McMahon, AP. Curr Top Dev Biol. vol. 117, 31–64. January 2016.
The basic unit of kidney function is the nephron. In the mouse, around 14,000 nephrons form in a 10-day period extending into early neonatal life, while the human fetus forms the adult complement of nephrons in a 32-week period completed prior to birth. This review discusses our current understanding of mammalian nephrogenesis: the contributing cell types and the regulatory processes at play. A conceptual developmental framework has emerged for the mouse kidney. This framework is now guiding studies of human kidney development enabled in part by in vitro systems of pluripotent stem cell-seeded nephrogenesis. A near future goal will be to translate our developmental knowledge-base to the productive engineering of new kidney structures for regenerative medicine.
Grgic, Ivica; Krautzberger, A. Michaela; Hofmeister, Andreas; Lalli, Matthew; DiRocco, Derek P.; Fleig, Susanne V.; Liu, Jing; Duffield, Jeremy S.; McMahon, Andrew P.; Aronow, Bruce; Humphreys, Benjamin D.. J Am Soc Nephrol. vol. 25(9), 1979–1990. September 2014.
Myofibroblasts secrete matrix during chronic injury, and their ablation ameliorates fibrosis. Development of new biomarkers and therapies for CKD will be aided by a detailed analysis of myofibroblast gene expression during the early stages of fibrosis. However, dissociating myofibroblasts from fibrotic kidney is challenging. We therefore adapted translational ribosome affinity purification (TRAP) to isolate and profile mRNA from myofibroblasts and their precursors during kidney fibrosis. We generated and characterized a transgenic mouse expressing an enhanced green fluorescent protein (eGFP)-tagged L10a ribosomal subunit protein under control of the collagen1alpha1 promoter. We developed a one-step procedure for isolation of polysomal RNA from collagen1alpha1-eGFPL10a mice subject to unilateral ureteral obstruction and analyzed and validated the resulting transcriptional profiles.
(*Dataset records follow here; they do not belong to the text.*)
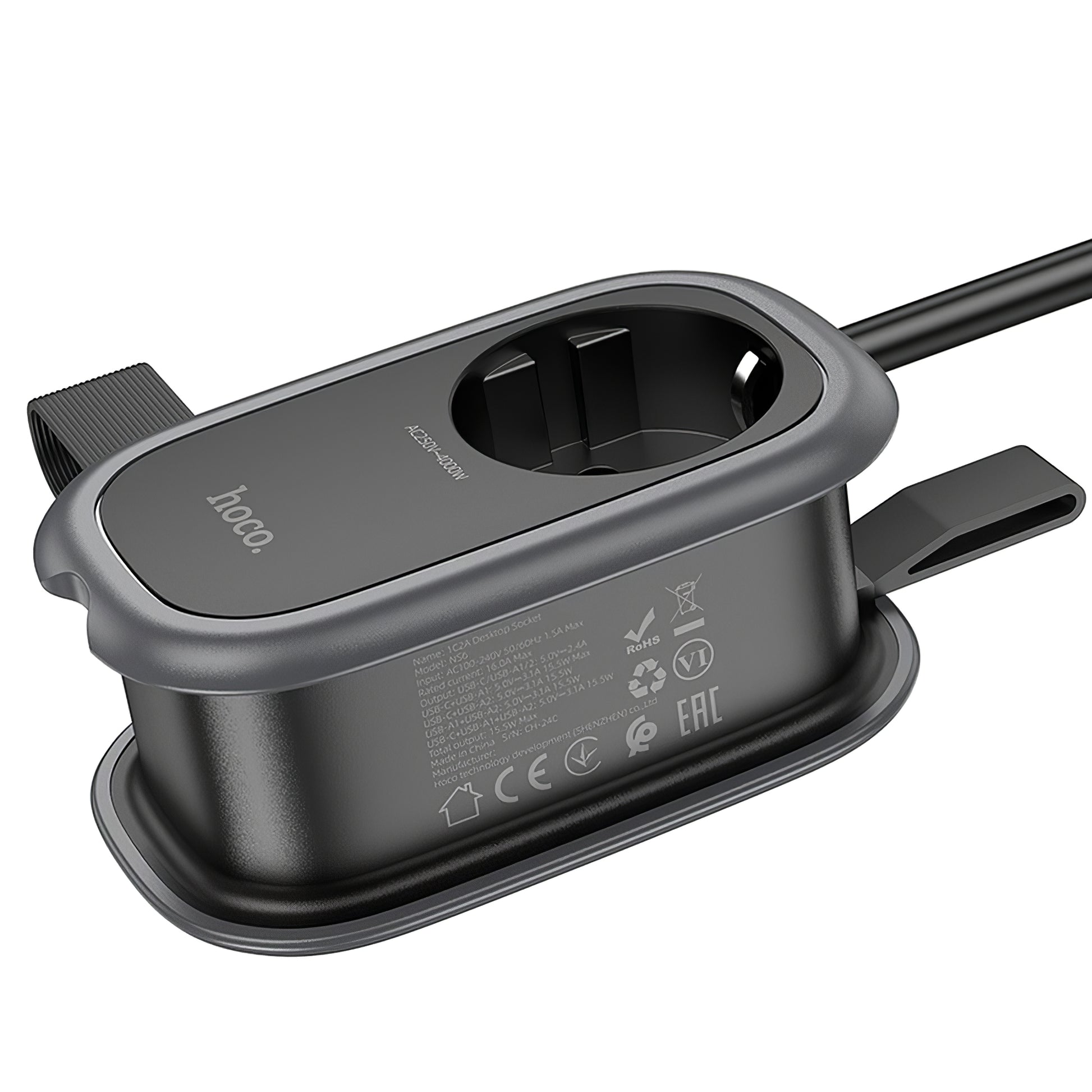 prelungitor-hoco-ns6-2C-4000w-2C-2.4a-2C-1-x-schuko---1-x-usb-c---2-x-usb-a-2C-negru
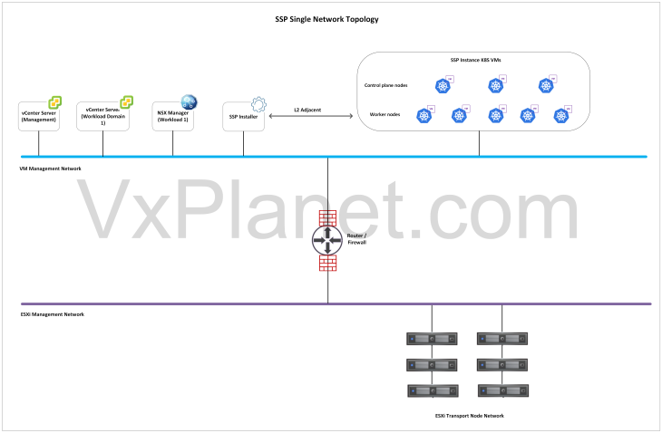 Single Network Topology: In this topology, both SSP Installer and SSP Instance will be deployed on a single network (VLAN backed or NSX overlay). Ideally this network will be the management network that has L2 adjacency with the other VCF management components like vCenter, NSX etc. If this network is separate from the management network, the necessary firewall ports between the components as described in the requirements section needs to be enabled.
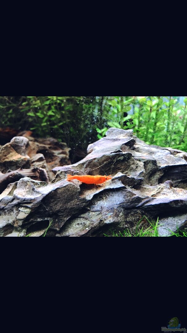 Wie in der Beschreibung beschrieben: Orange Sakura, Orange Rili, Goldene Tigergarnele und 3 Endler Guppys(Männlich) und paar Renn und Geweihschnecken und Amanogarnelen.
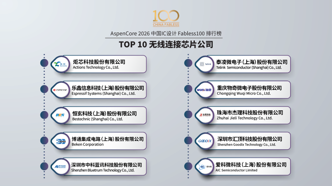 在同期举办的中国IC领袖峰会上, AspenCore重磅揭晓2026中国IC设计Fabless 100排行榜。该榜单目前已经成为观察中国IC设计产业的重要风向标。物奇作为国内领先的网络通信与智能终端芯片设计企业,凭借在高速网络通信、端侧AI技术领域的前瞻布局以及核心业务的快速突破,连续四年入选中国IC设计Fabless 100排行榜之Top10无线连接公司,标志着物奇已成长为中国半导体产业链中的重要力量。
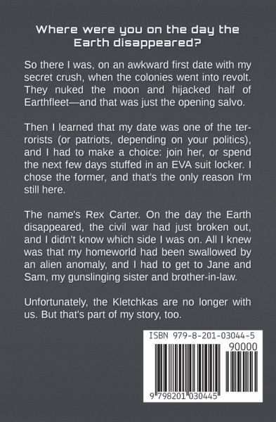 Where were you on the day the Earth disappeared? So there I was, on an awkward first date with my secret crush, when the colonies went into revolt. They nuked the moon and hijacked half of Earthfleet-and that was just the opening salvo. Then I learned that my date was one of the terrorists (or patriots, depending on your political beliefs), and I had to make a choice: join her, or spend the next few days stuffed in an EVA suit locker. I chose the former, and that's the only reason I'm still here. The name's Rex Carter. On the day the Earth disappeared, the civil war had just broken out, and I didn't know which side I was on. All I knew was that my homeworld had been swallowed by an alien anomaly, and I had to get to Jane and Sam, my gunslinging sister and brother-in-law. Unfortunately, the Kletchkas are no longer with us. But that's part of my story, too.
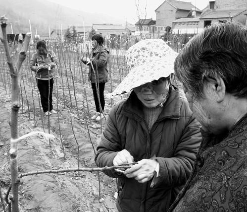 垣曲县左家湾村45岁的农民王丽芳是个深山“弄潮儿”。早在2009年,她就依托当地山清水秀的自然风光率先创办起当地第一个“农家乐”,在她的带动下,全村观光采摘型果业迅速发展到600多亩,不同形式的“农家乐”应运而生。今年她从绛县购回红梅花枝芽,共嫁接5000多株杏树苗木。图为王丽芳和她的姐妹一起嫁接红梅花。
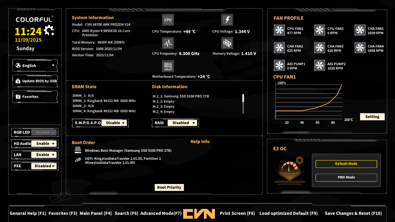 ▲开机按Del进入BIOS,首先来到的是EZ模式界面,在这里可以看到当前的硬件信息,对BIOS升级,启用XMP/EXPO功能,设置风扇曲线,以及启用AMD的PBO模式。
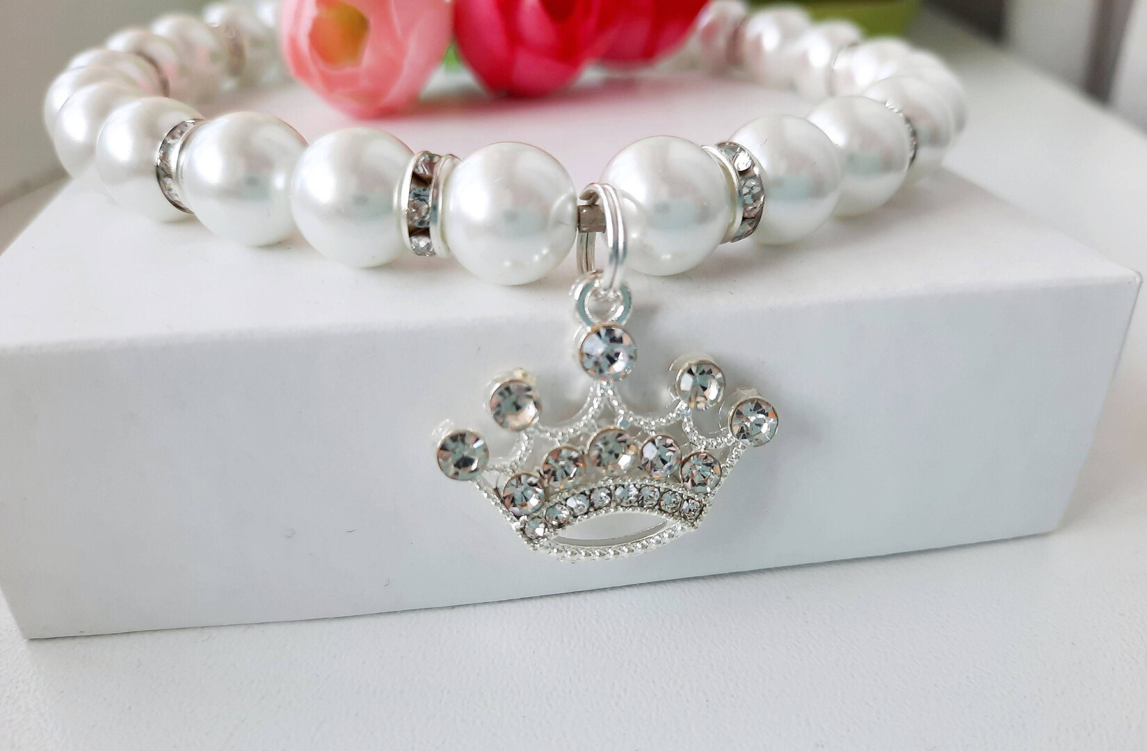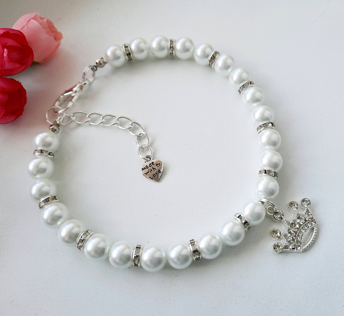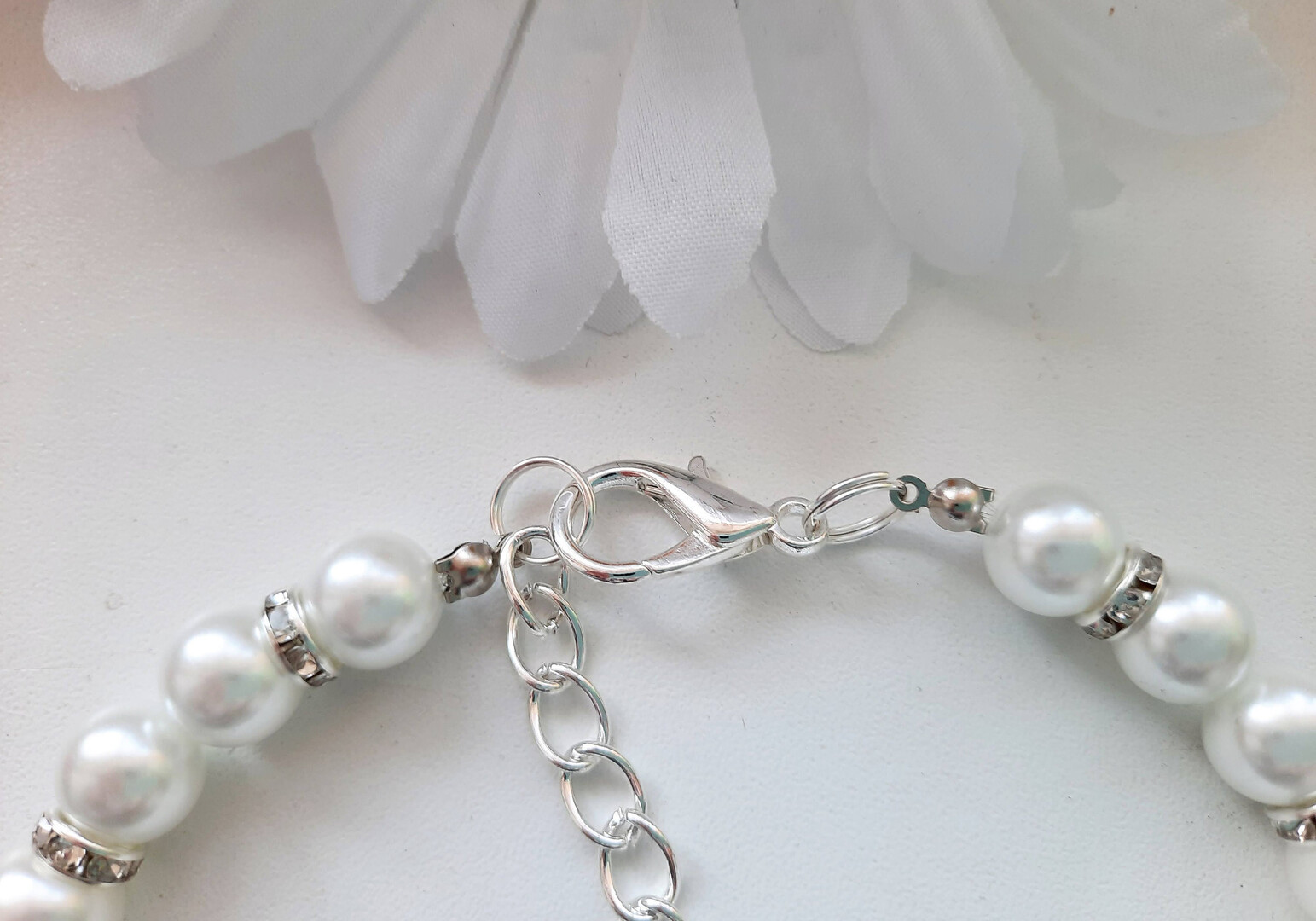 White pearl necklace for dogs and cats with crown charm and rhinestone roundels

Pathway analysis revealed strong gene signatures for cell proliferation, migration, and shape change. Numerous novel genes and candidate biomarkers were upregulated during fibrosis, specifically in myofibroblasts, and we validated these results by quantitative PCR, in situ, and Western blot analysis. This study provides a comprehensive analysis of early myofibroblast gene expression during kidney fibrosis and introduces a new technique for cell-specific polysomal mRNA isolation in kidney injury models that is suited for RNA-sequencing technologies.
Liu, Jing; Krautzberger, A. Michaela; Sui, Shannan H.; Hofmann, Oliver M.; Chen, Ying; Baetscher, Manfred; Grgic, Ivica; Kumar, Sanjeev; Humphreys, Benjamin D.; Hide, Winston A.; McMahon, Andrew P.. J Clin Invest. vol. 124(3), 1242–1254. March 2014.
Acute kidney injury (AKI) promotes an abrupt loss of kidney function that results in substantial morbidity and mortality. Considerable effort has gone toward identification of diagnostic biomarkers and analysis of AKI-associated molecular events; however, most studies have adopted organ-wide approaches and have not elucidated the interplay among different cell types involved in AKI pathophysiology. To better characterize AKI-associated molecular and cellular events, we developed a mouse line that enables the identification of translational profiles in specific cell types. This strategy relies on CRE recombinase-dependent activation of an EGFP-tagged L10a ribosomal protein subunit, which allows translating ribosome affinity purification (TRAP) of mRNA populations in CRE-expressing cells. Combining this mouse line with cell type-specific CRE-driver lines, we identified distinct cellular responses in an ischemia reperfusion injury (IRI) model of AKI. Twenty-four hours following IRI, distinct translational signatures were identified in the nephron, kidney interstitial cell populations, vascular endothelium, and macrophages/monocytes. Furthermore, TRAP captured known IRI-associated markers, validating this approach. Biological function annotation, canonical pathway analysis, and in situ analysis of identified response genes provided insight into cell-specific injury signatures. Our study provides a deep, cell-based view of early injury-associated molecular events in AKI and documents a versatile, genetic tool to monitor cell-specific and temporal-specific biological processes in disease modeling.
O’Brien, LL; McMahon, AP. Semin Cell Dev Biol. vol. 36, 31–8. December 2014.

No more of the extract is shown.